Bob Schijvenaars, Senior Vice President Technology

“I’m quite a curious, inquisitive guy and this job lets me follow my curiosity and use it for the benefit of our customers.”

What’s your educational background?
I went to university in 1984 to study astronomy. Back then it was mostly about computers; there was some telescope and observation work, but also a lot of modelling numerical computations. I liked that a lot, so after three or four years I switched to informatics and computer science for my Master’s.
After that I started doing a PhD in Medical Informatics at Erasmus University, researching the intra-individual variability of the electrocardiogram. That’s where I came into contact with machine learning, pattern recognition, signal processing and so on. I helped to build an expert system to interpret electrocardiograms that turned out to be just as accurate as the average cardiologist; it was one of the very first applications in the medical field that was able to compete with human experts.
What’s your career history and how does it influence your current role?
I began my career at a Dutch Natural Language Processing start-up called Collexis which merged after a few years with a company founded by Martin Schmidt and Mario Diwersy (who are now Digital Science’s Head of Innovation and Chief Technology Officer). This start-up was creating semantic search and knowledge discovery software, and I became responsible for the research and development of the Collexis NLP engine and its application in Information Retrieval. I was the company’s Chief Scientific Officer when it was in turn acquired by Elsevier, where I worked for nine years and became Director of Search and Data Science, managing components of Scopus, Scival, and Mendeley.
Then in 2019 I rejoined my former colleagues at Digital Science, to build up our corporate consultancy service creating bespoke solutions for companies. This involves a lot of AI and data science, and of course my medical informatics background comes in really handy when I’m working with pharmaceutical companies like Pfizer.
What’s a great project you’ve worked on for a customer?
One of my longest-running projects is to do with treatments for prostate cancer. It’s a disease that’s generally treated in a sequential manner – in other words, when the oncologist has tried drug A and it’s no longer working, they need to try something else.
But the issue is knowing whether it will be most effective to try drug B next, or drug C or drug D. And finding this information is very hard. First off, there’s just so much literature – and secondly, when you search, you find that people have written in very different ways about how they approached sequencing treatment. It’s almost impossible to catch all the possible variations using normal search methods.
So we applied Natural Language Processing (NLP) to find temporal relationships between treatments and then use them in searches, however they’re described. Even though we started in a very simplistic way, we saw quite an improvement compared with regular search. And as this long-running project has gone on, we’ve been able to be more ambitious. Now, users can search the full text of scientific documents for a specific treatment sequence, pull out the publications that report its use, and filter their searches with criteria like the level of evidence and type of outcome.
We worked very closely with our customer on this project: weekly catch-up meetings, lots of collaboration and iterative development that continually improved the product. Key opinion leaders in prostate cancer were involved, too.
It’s all about helping clinicians find the right treatments for prostate cancer patients, and making patients better-informed too. And every time we reach one of our intermediate goals, we move the next goal further down the road; we just get more and more ambitious over time.
What do you love about your job?
I love the research part of it. I’m quite a curious, inquisitive guy and this job lets me follow my curiosity and use it for the benefit of our customers. The other thing I really love is the collaboration between colleagues. People are very open and they go out of your way to help you out if you have problems. I like that a lot.
I also admire the engineering here, even though I’m pretty critical and quick to point out issues. Compared with other places I’ve worked, the back office is designed to process data quickly and efficiently and I found that impressive when I got here.

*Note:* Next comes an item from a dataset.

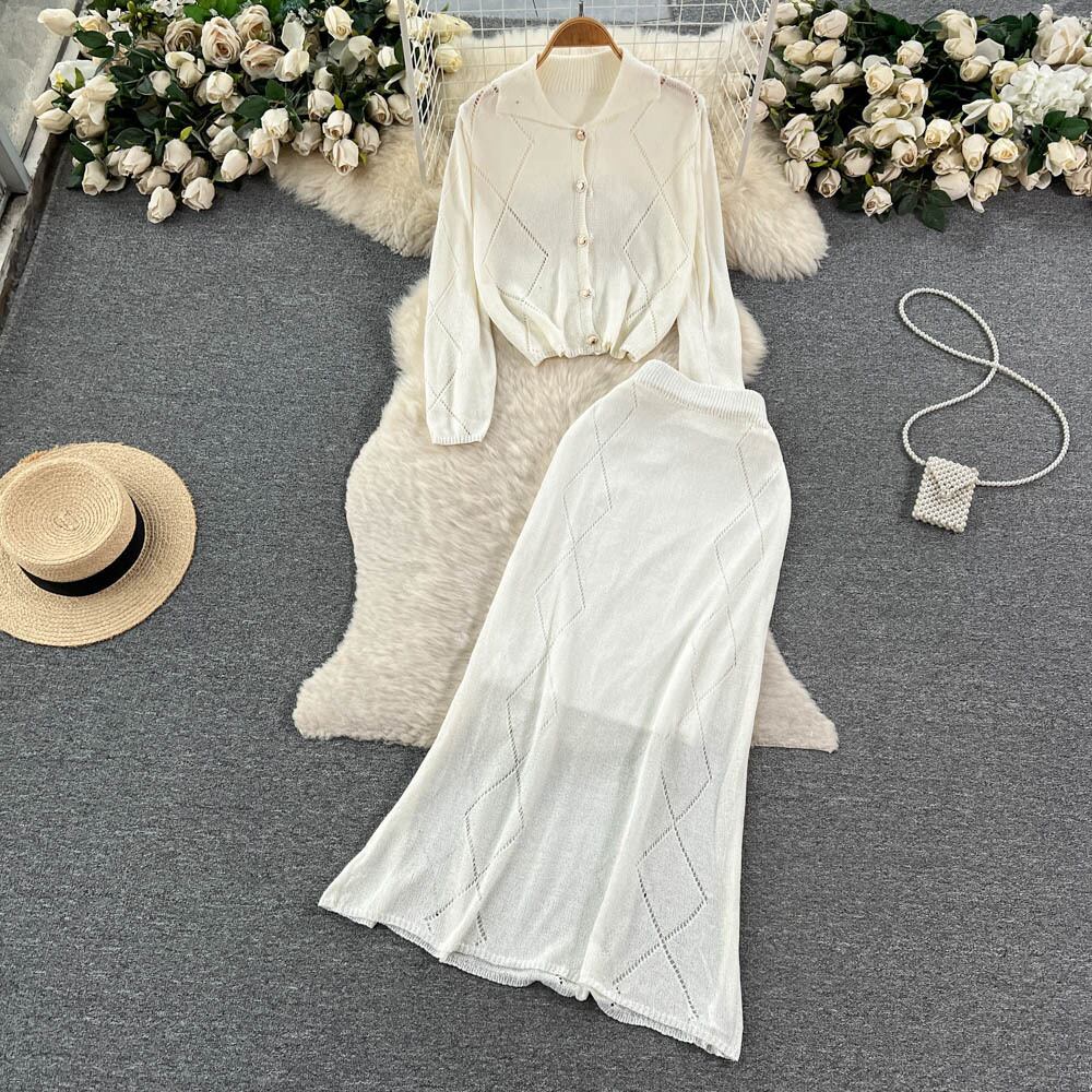 ビーチ 2 枚セット夏中空アウトニットトップ + 弾性ウエストロングマーメイドロングスカートセットセクシー 2 枚スーツ エラスティック 伸縮 サマー 夏物 ソリッドカラー
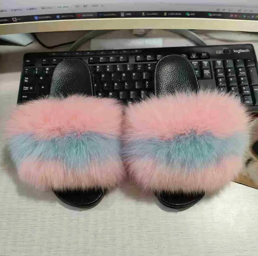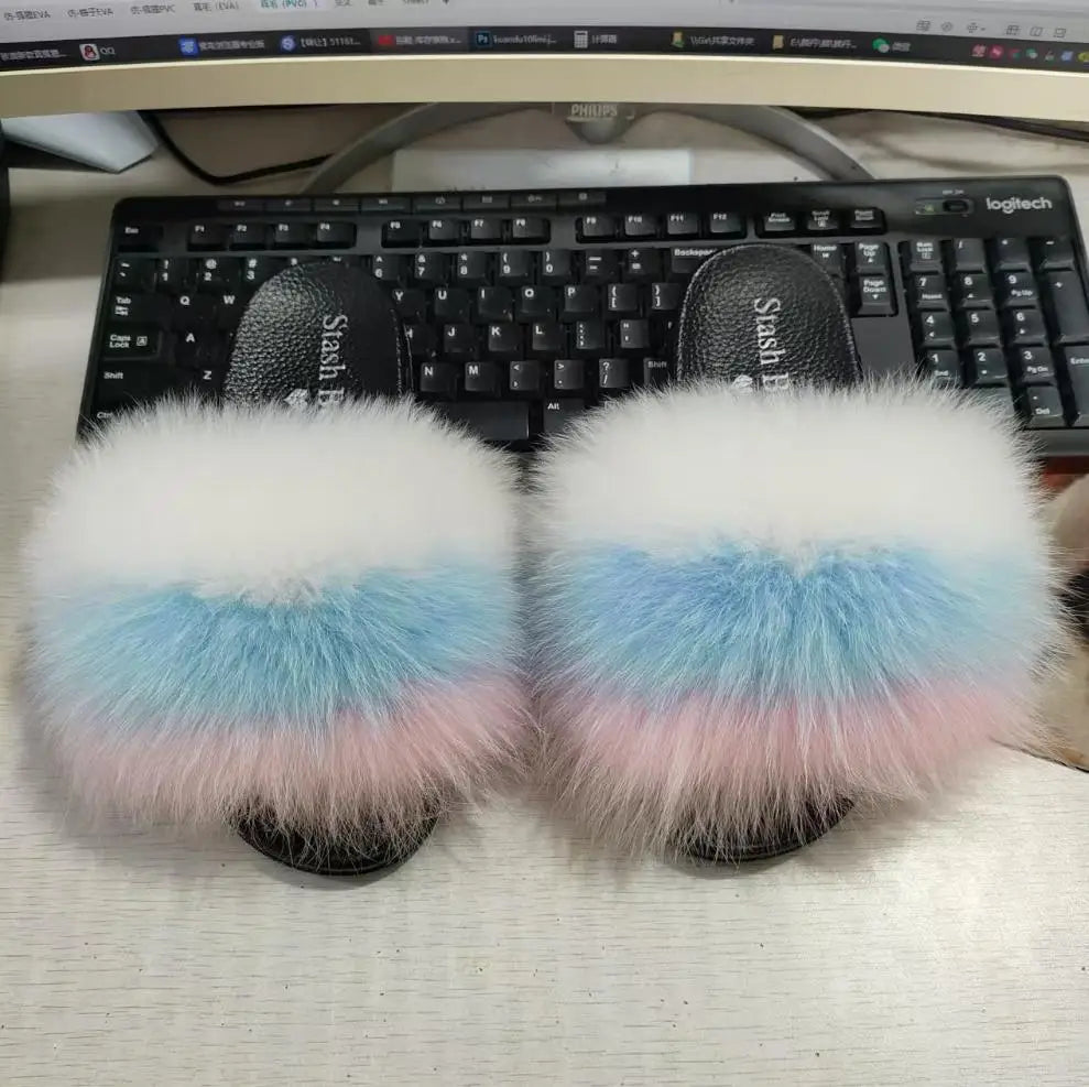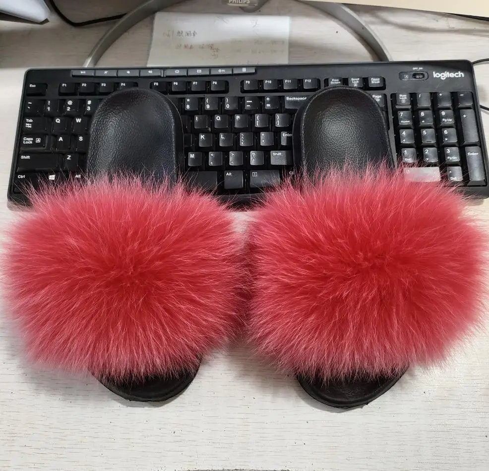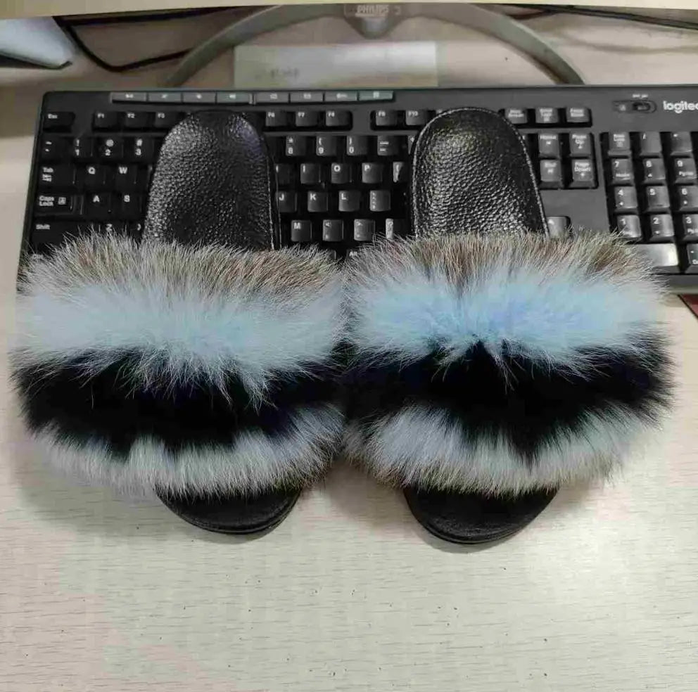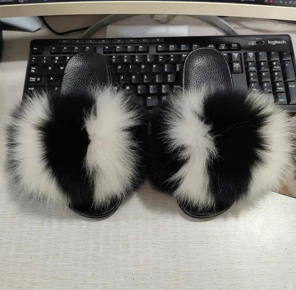 Real Fox Fur Slippers

Fun fact that people might not know about you?
I asked my wife if she could think of a fun fact about me, and rather worryingly she said no. So I had to come up with my own, which is that for the last 25 years I’ve been an avid ballroom dancer. It’s fun, and I like the fact that I can probably keep doing it until I’m pretty old!
If you could have a superpower, what would it be and why?
Mind-reading. I’d love that. That’s a superpower you can use to help people any time, anywhere. If you know the underlying reasons why people say the things they say or do the things they do, you can understand them much better.
What is the one emoji that you overuse? And if you could create a new one, what would it be?
I use the smiley emoji a lot. But I’d also like someone to create a face with a lightbulb that I could use whenever I have a good idea.